И вновь просаживают.

Другой «великий старец» из круга старых калифорнийцев — папа Леммле («Юниверсалфильм») — говорил мне, что он столько просадил в рулетку в калифорнийском Монте-Карло — Тиа-Хуана1, что мог бы трижды купить все это заведение.

Когда нас в течение шести недель не впускали обратно в Штаты из Мексики, в Голливуде играли «на нас».

На нас же играли и в дни этой встречи с прессой, хотя мы и не {236} подозревали того, какая игра интересов между нью-йоркской и голливудской частью фирмы велась вокруг нас.

Я был ставленником старых «рискачей», искателей нового и приключений, которых представлял в фирме Джесси Ласки.

В оппозиции к ним были «банковцы» — представители банковских интересов, в частности Би-Пи, ставившие только наверняка, без излишеств и затей, и чаще всего повторяя раз за разом тип фильмов, имевших успех.

В «Парамаунте» брала верх банковская линия, искусственно затрудняя договариваемость с нами и тем самым рикошетом задевая импортировавших нас представителей «романтиков» кинопроизводства.

В неравной борьбе этих двух тенденций внутри фирмы «Парамаунт» как раз в эти годы теряет первенствующее место, на которое с блеском выходит «Эм Джи Эм» («Метро-Голдвин-Мейер») под вдохновенным «неоавантюризмом» Ирвинга Тальберга, который ведет свою фирму не по линии скучных «верняков», а [по] неожиданной фаланге кинопобед.

Феодальный раздор внутри фирмы способствует тому, что только увеличивались и так естественные трудности наших соглашений с фирмой по поводу сценариев. Я по контракту имел право veto на их предложения, а они избегали соглашаться на мои.
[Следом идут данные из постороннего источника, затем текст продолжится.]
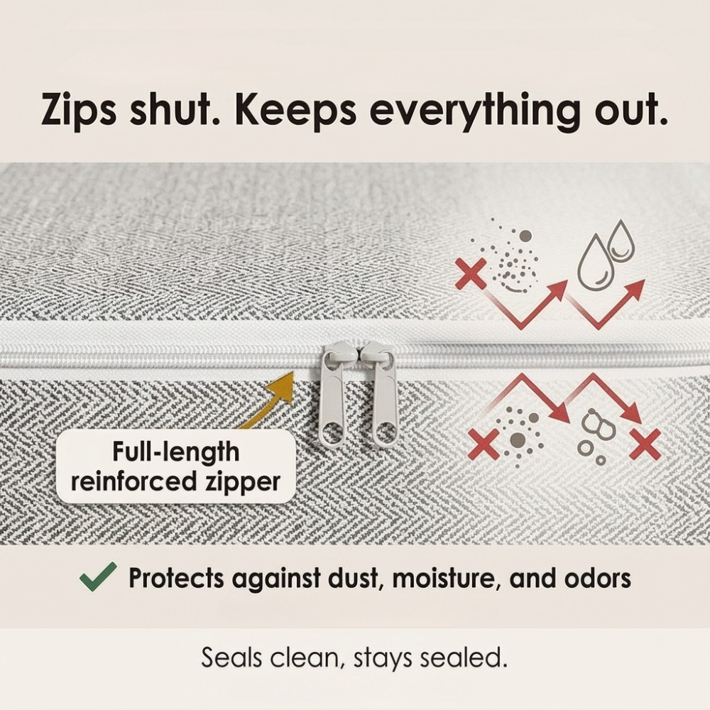 The zippered lid seals the entire top, keeping dust, moisture, and pests out. For long-term seasonal storage, it works well in closets, attics, or garage shelving.
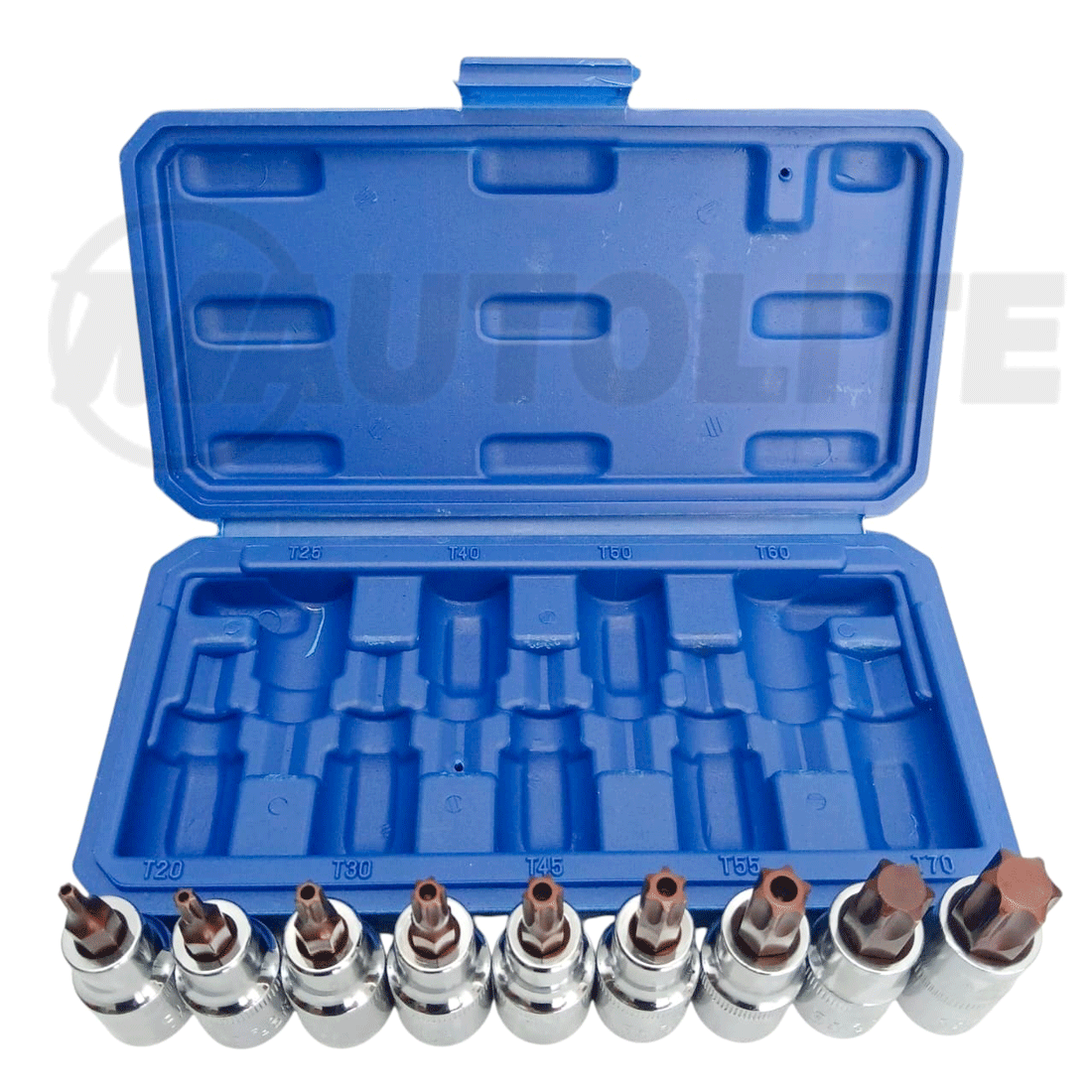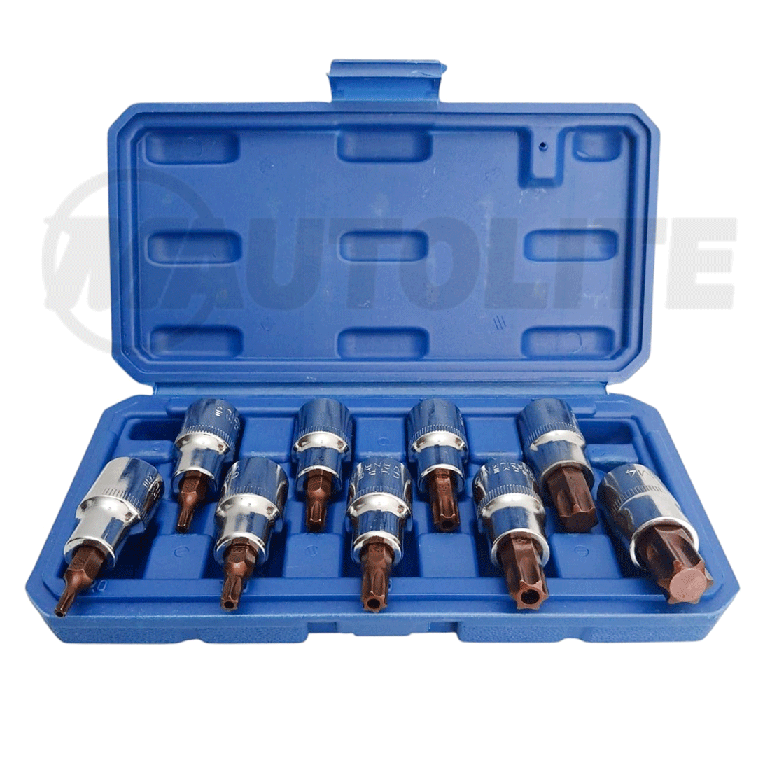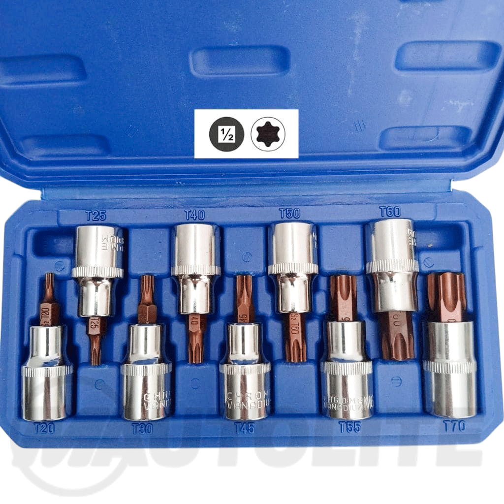 Set de 9 copas Torx T-Star macho de 6 puntas con agujero central y raíz de 1/2″, ideal para tornillos de seguridad en autos europeos como VW, Audi, Porsche, BMW y Mercedes. Herramienta de alta calidad, resistente y precisa para uso mecánico o profesional.

В конце концов, после шести месяцев мы так ничего и не поставили.

Расстались.

На чем и закончилось то, что на прощание, вынув изо рта сигару, Би-Пи Шульберг охарактеризовал как «благородный эксперимент»1.

Однако очень скоро и оба «феодала» оказались за пределами фирмы.

<Би-Пи — держателем контрактов Сильвии Сидней (и кажется, Клары Боу).

А Джесси Ласки на старости лет — тем, чем он начинал в кино, вольным продюсером (и кстати сказать, очень неплохих, живых и острых картин).